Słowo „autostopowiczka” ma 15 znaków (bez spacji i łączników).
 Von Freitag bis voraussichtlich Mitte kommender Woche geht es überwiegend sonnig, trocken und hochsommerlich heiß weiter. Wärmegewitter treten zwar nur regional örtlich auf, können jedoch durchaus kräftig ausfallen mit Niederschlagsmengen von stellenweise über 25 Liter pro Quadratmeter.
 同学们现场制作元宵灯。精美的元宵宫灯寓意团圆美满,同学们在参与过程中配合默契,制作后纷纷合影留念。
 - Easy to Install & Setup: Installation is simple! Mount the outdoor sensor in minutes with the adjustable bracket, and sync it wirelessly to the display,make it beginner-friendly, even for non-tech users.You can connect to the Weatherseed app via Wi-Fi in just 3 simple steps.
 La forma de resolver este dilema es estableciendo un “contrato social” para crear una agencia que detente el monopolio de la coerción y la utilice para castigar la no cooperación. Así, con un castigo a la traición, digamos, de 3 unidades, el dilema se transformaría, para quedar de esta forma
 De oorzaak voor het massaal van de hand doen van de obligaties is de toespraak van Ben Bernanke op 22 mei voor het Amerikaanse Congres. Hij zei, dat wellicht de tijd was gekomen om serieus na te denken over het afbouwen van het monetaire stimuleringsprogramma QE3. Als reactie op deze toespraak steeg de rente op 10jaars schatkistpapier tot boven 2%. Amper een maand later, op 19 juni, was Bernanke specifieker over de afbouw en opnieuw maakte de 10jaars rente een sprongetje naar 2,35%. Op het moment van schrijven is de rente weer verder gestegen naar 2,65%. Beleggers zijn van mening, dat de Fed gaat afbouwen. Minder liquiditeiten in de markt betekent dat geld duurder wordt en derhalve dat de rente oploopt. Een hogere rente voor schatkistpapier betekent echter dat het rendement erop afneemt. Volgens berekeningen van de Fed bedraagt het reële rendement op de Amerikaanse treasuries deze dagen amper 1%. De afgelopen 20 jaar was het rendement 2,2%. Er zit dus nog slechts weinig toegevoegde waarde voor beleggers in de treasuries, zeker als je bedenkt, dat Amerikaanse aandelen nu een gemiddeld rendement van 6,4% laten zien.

• • • •

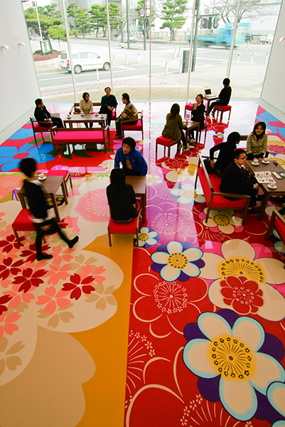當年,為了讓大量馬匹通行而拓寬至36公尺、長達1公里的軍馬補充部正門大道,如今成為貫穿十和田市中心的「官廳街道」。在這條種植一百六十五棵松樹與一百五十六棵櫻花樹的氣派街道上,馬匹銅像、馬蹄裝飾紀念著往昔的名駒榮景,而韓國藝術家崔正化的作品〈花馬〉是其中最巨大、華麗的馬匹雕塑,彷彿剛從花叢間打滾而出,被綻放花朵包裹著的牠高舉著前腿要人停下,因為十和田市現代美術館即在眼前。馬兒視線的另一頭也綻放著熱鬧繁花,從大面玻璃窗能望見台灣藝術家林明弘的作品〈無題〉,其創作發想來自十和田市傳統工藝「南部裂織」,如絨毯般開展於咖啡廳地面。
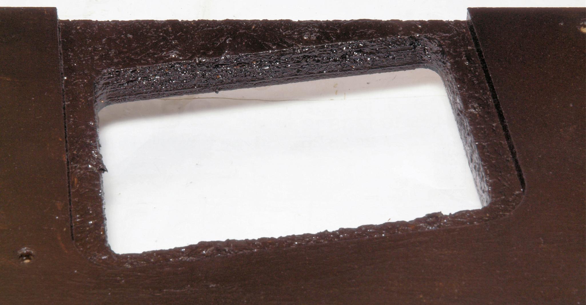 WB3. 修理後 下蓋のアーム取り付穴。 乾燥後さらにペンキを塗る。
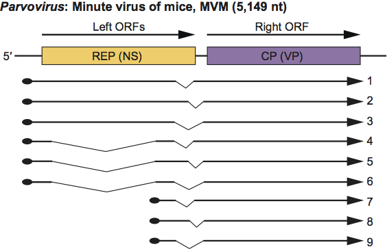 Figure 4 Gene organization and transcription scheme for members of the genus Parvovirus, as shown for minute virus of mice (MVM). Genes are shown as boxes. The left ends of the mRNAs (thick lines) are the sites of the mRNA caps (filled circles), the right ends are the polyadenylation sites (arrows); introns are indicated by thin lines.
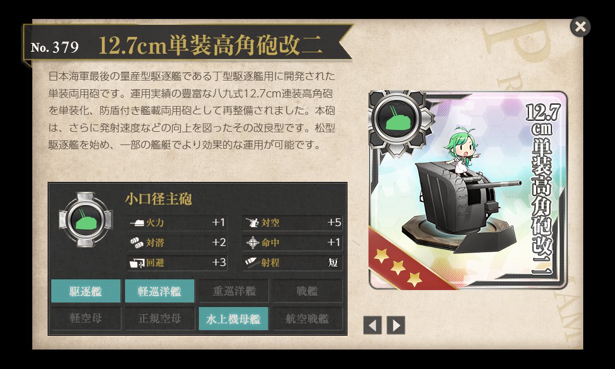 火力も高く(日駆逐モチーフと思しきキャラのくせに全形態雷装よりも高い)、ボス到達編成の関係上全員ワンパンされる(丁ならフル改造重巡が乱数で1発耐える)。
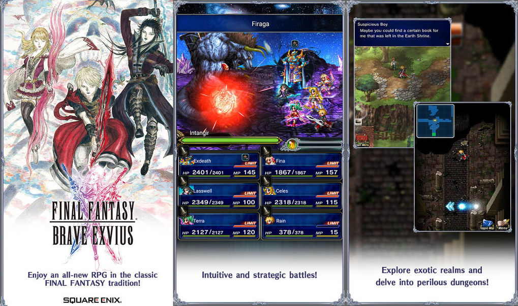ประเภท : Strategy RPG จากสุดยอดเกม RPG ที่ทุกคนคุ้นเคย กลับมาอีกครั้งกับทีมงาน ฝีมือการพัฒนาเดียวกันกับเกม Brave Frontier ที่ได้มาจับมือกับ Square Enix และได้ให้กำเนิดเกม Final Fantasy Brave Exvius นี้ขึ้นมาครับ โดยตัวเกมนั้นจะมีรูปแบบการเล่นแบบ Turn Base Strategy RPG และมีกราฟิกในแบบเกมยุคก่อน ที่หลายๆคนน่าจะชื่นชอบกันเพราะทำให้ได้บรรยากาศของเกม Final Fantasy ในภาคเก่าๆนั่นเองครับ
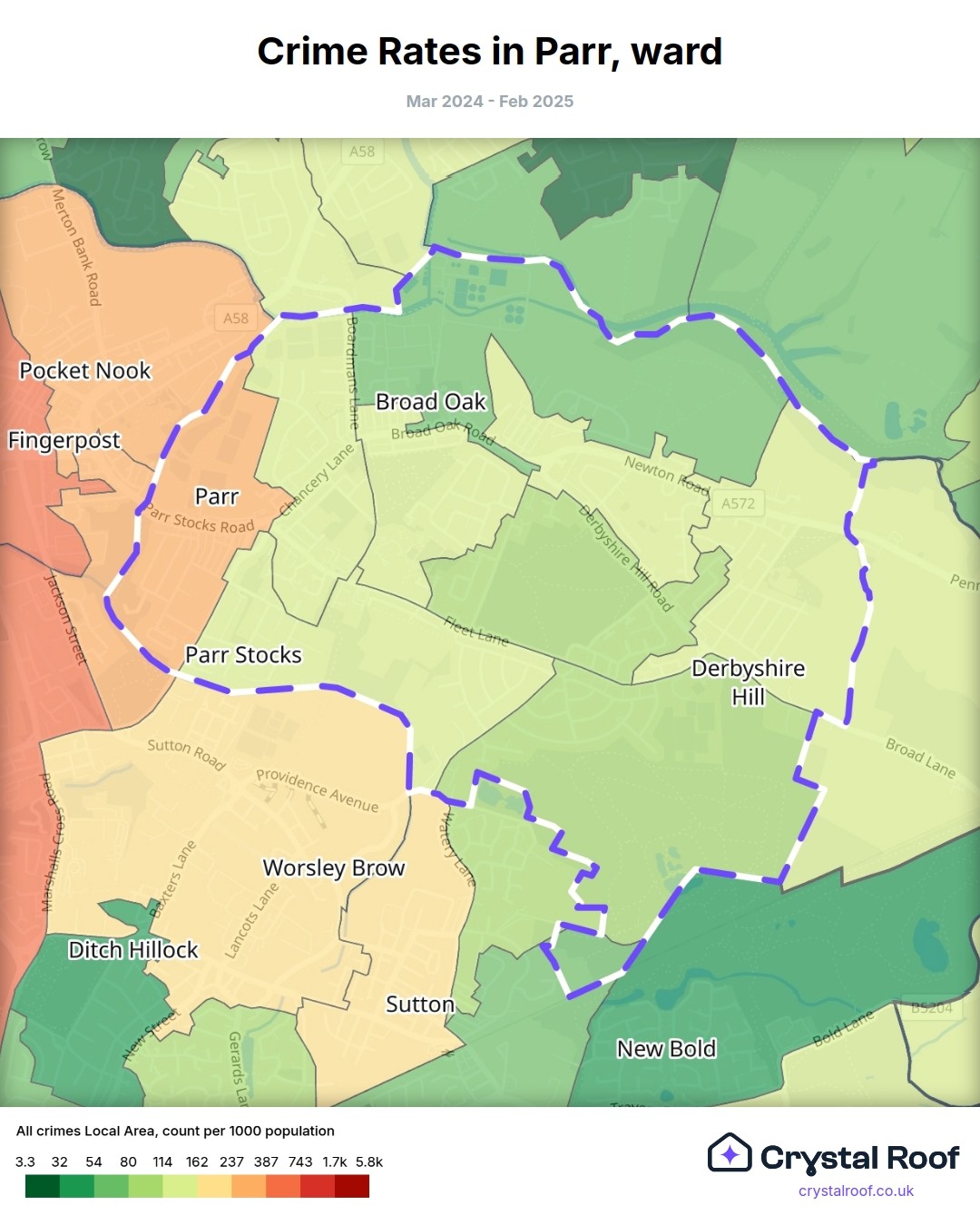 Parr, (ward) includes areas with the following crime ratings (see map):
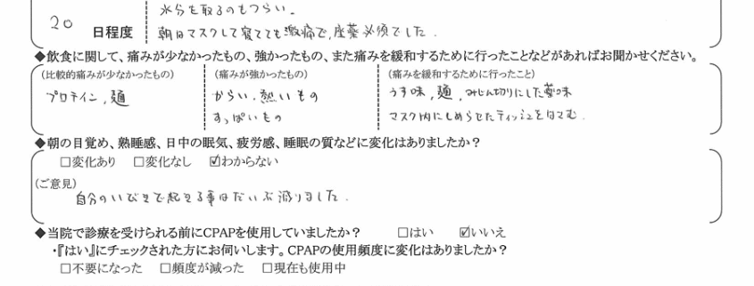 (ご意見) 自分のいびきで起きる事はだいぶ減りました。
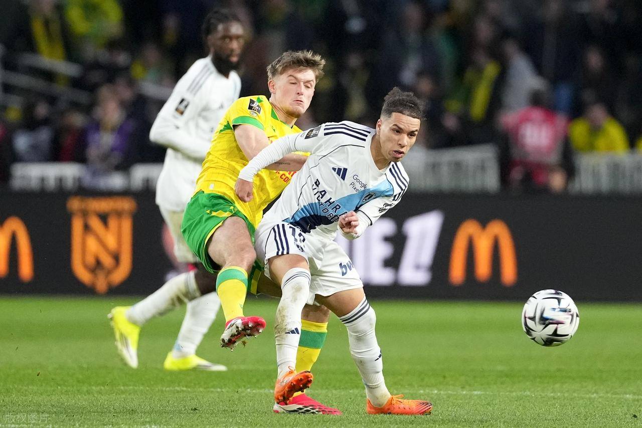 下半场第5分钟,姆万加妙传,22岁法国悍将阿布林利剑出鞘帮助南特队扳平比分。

• • • •

From the records above, copy exactly the stretch from the line holding "當年,為了讓大量馬匹通行而拓" through the line holding "WB3. 修理後 下蓋のアーム取り付穴。 乾燥後さらにペンキを塗る。", both ends included, without the pictures.

當年,為了讓大量馬匹通行而拓寬至36公尺、長達1公里的軍馬補充部正門大道,如今成為貫穿十和田市中心的「官廳街道」。在這條種植一百六十五棵松樹與一百五十六棵櫻花樹的氣派街道上,馬匹銅像、馬蹄裝飾紀念著往昔的名駒榮景,而韓國藝術家崔正化的作品〈花馬〉是其中最巨大、華麗的馬匹雕塑,彷彿剛從花叢間打滾而出,被綻放花朵包裹著的牠高舉著前腿要人停下,因為十和田市現代美術館即在眼前。馬兒視線的另一頭也綻放著熱鬧繁花,從大面玻璃窗能望見台灣藝術家林明弘的作品〈無題〉,其創作發想來自十和田市傳統工藝「南部裂織」,如絨毯般開展於咖啡廳地面。
 WB3. 修理後 下蓋のアーム取り付穴。 乾燥後さらにペンキを塗る。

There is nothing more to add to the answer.